### TASK INSTRUCTIONS
Please write out the listing exactly, leaving each picture out.
SUPPLIED INFORMATION below:
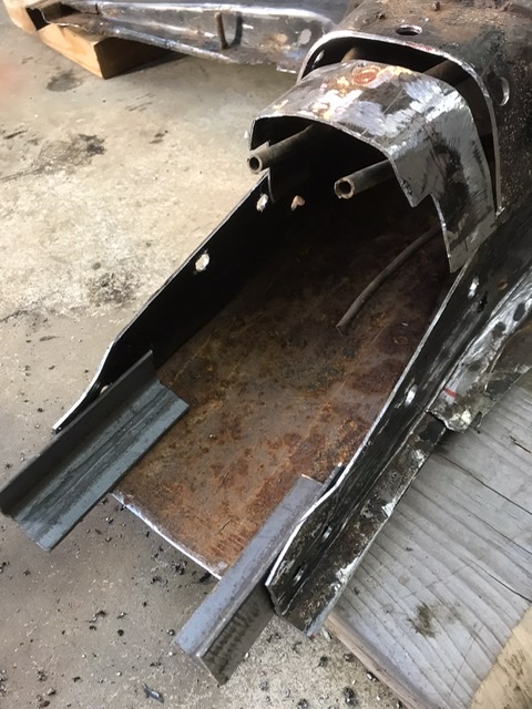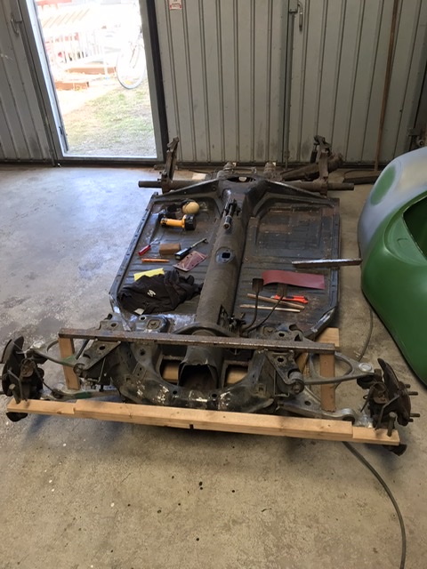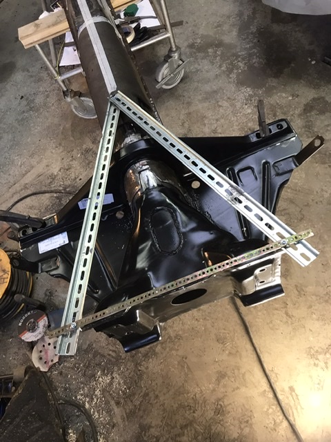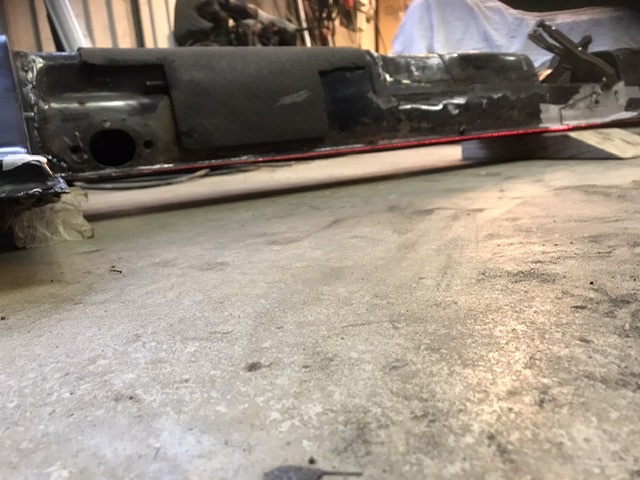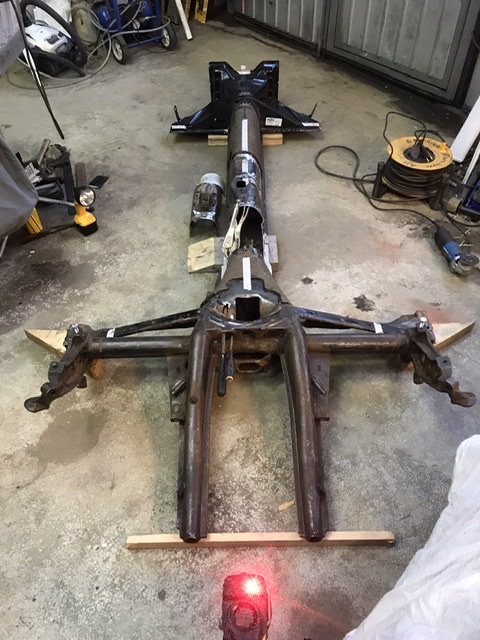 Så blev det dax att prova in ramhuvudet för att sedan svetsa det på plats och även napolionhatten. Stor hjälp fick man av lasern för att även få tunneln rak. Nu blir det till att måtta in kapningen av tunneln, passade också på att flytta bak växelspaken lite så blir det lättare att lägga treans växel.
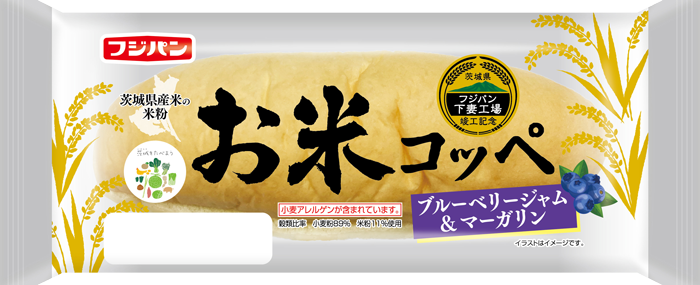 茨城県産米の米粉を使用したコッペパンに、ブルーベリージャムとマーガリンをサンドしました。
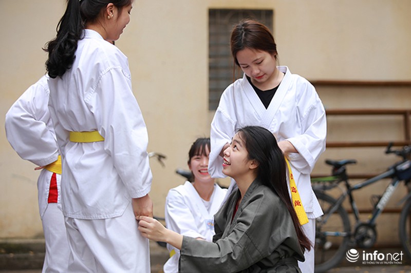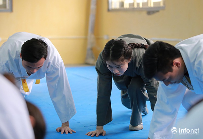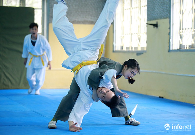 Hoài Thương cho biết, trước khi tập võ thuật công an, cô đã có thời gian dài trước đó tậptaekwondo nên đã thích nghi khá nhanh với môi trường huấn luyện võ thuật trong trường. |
End of SUPPLIED INFORMATION.
### TASK SOLUTION
 Så blev det dax att prova in ramhuvudet för att sedan svetsa det på plats och även napolionhatten. Stor hjälp fick man av lasern för att även få tunneln rak. Nu blir det till att måtta in kapningen av tunneln, passade också på att flytta bak växelspaken lite så blir det lättare att lägga treans växel.
 茨城県産米の米粉を使用したコッペパンに、ブルーベリージャムとマーガリンをサンドしました。
 Hoài Thương cho biết, trước khi tập võ thuật công an, cô đã có thời gian dài trước đó tậptaekwondo nên đã thích nghi khá nhanh với môi trường huấn luyện võ thuật trong trường. |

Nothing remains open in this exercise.